Pompeo believed Gabriel's group was the kind of organization that should be briefing Republicans in Congress. ACT returned his affection: In 2016, Pompeo received the organization's National Security Eagle Award, its highest honor.

The game that Pompeo and Bolton are playing — use rhetoric that counter-jihadists find appealing, move them closer to the mainstream, all without endorsing their full conspiracy theories — is fairly transparent. It's anti-Islam dog whistling.

It's possible that they merely recognize that counter-jihadists are a powerful constituency on the right, and are working with them as a way of building political support. It's also possible that they share the counter-jihadist view of Islam as a fundamentally evil religion but know that saying so publicly would be risky politically. It's very hard to tell from their public record, and I'm not going to hazard a guess either way.
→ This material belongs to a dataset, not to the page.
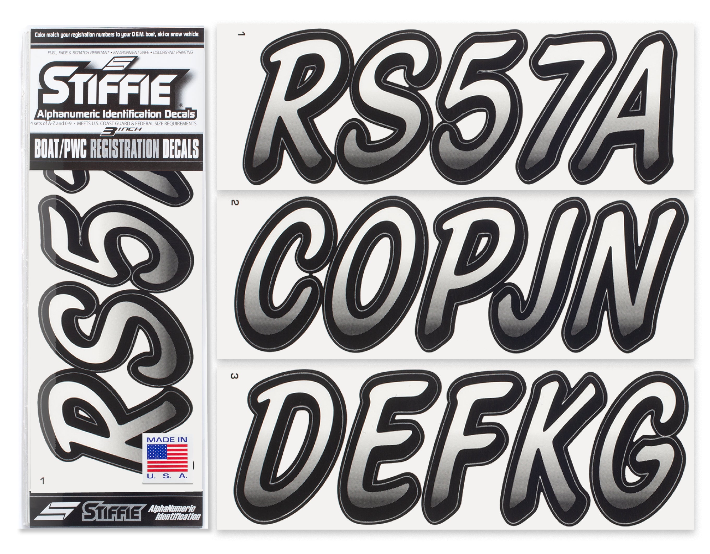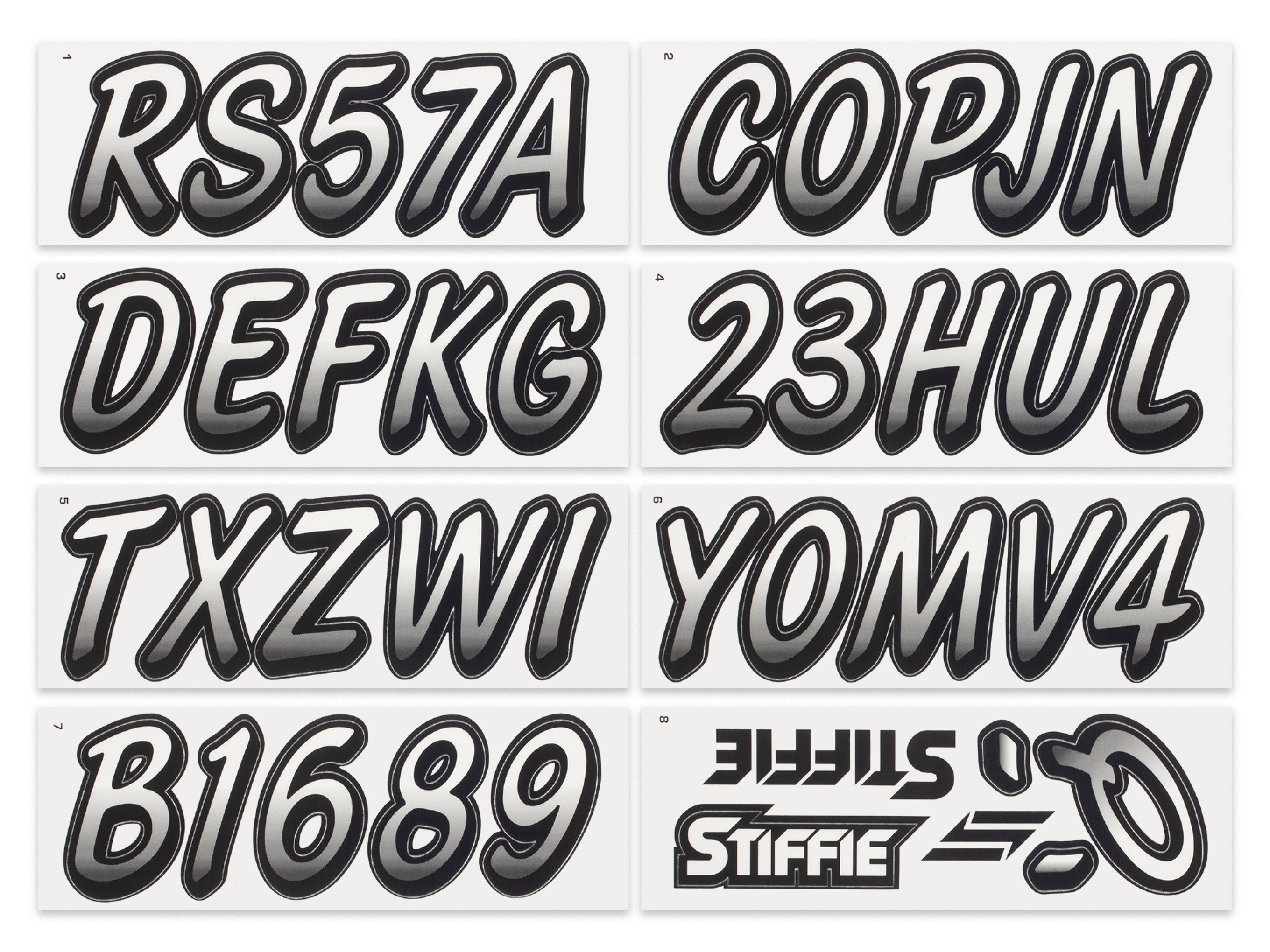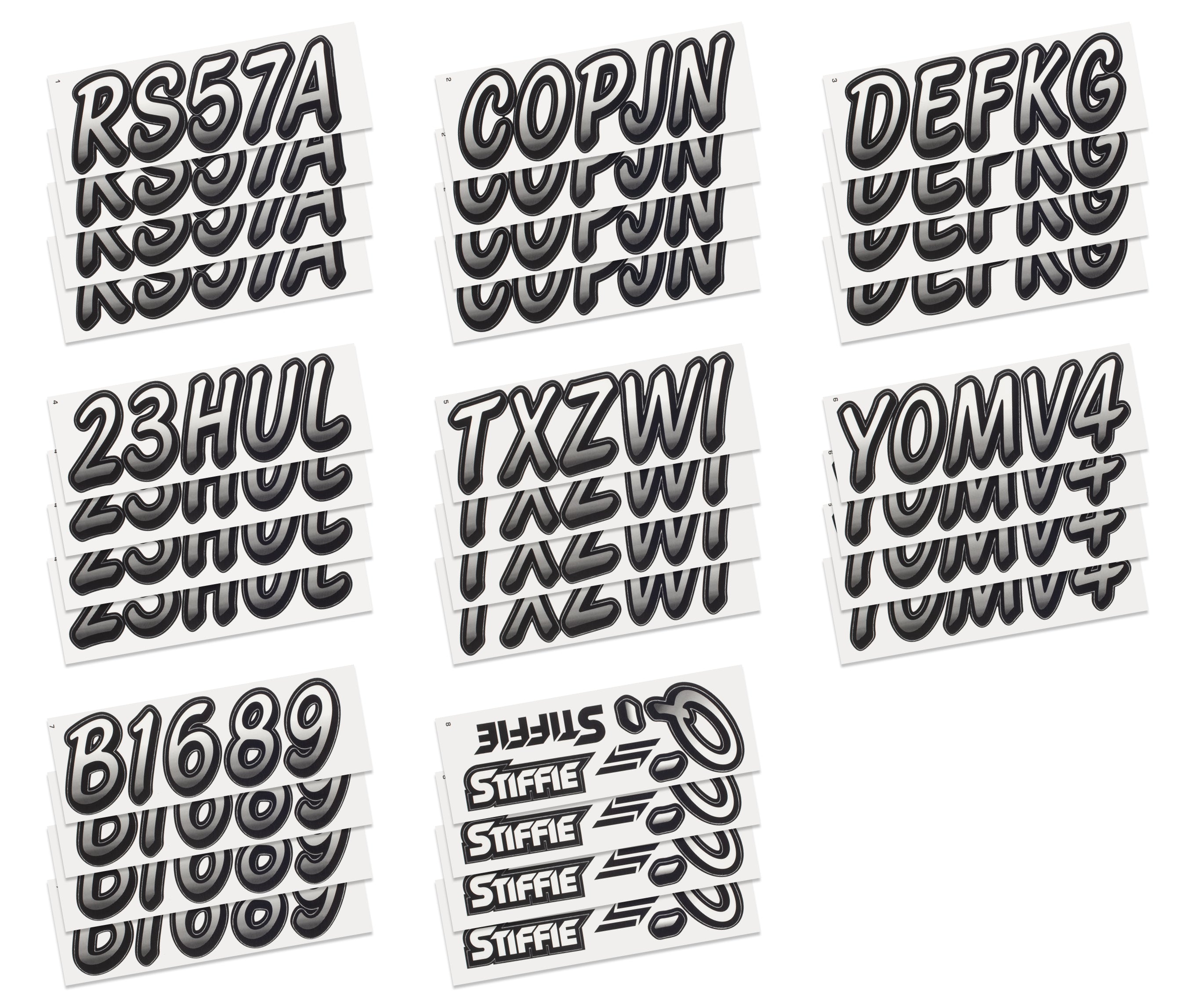 All Alphanumeric ID Kits offered by STIFFIE come with characters that are 3" in height and meet or exceed US Coast Guard Regulations. Every ID kit comes with 4 sets of 0-9 and A-Z decals (146 total decals). STIFFIE Alphanumeric registration decals are resistant to chemical deterioration, fading, curling, tearing and scratching. STIFFIE decals are also UV Coated for protection from harmful ultra-violet (UV) rays.

But we know that Bolton and Pompeo — Trump's picks for two of the highest offices in the land — are at very least willing to listen to counter-jihadist arguments, and work to help them reach a larger audience. It's very plausible they could convey these ideas to President Trump, whose views on Islam are already unfavorable.

There's a shockingly low level of public outcry about allies of Islamophobic groups taking over US national security infrastructure. In fact, it didn't even come up at Pompeo's confirmation hearing last January to become CIA director.

But now, Pompeo (and Bolton) is on the precipice of holding even more power. And the two men have not, to date, renounced their ties to Gaffney, Gabriel, and the rest. It's time to ask them why.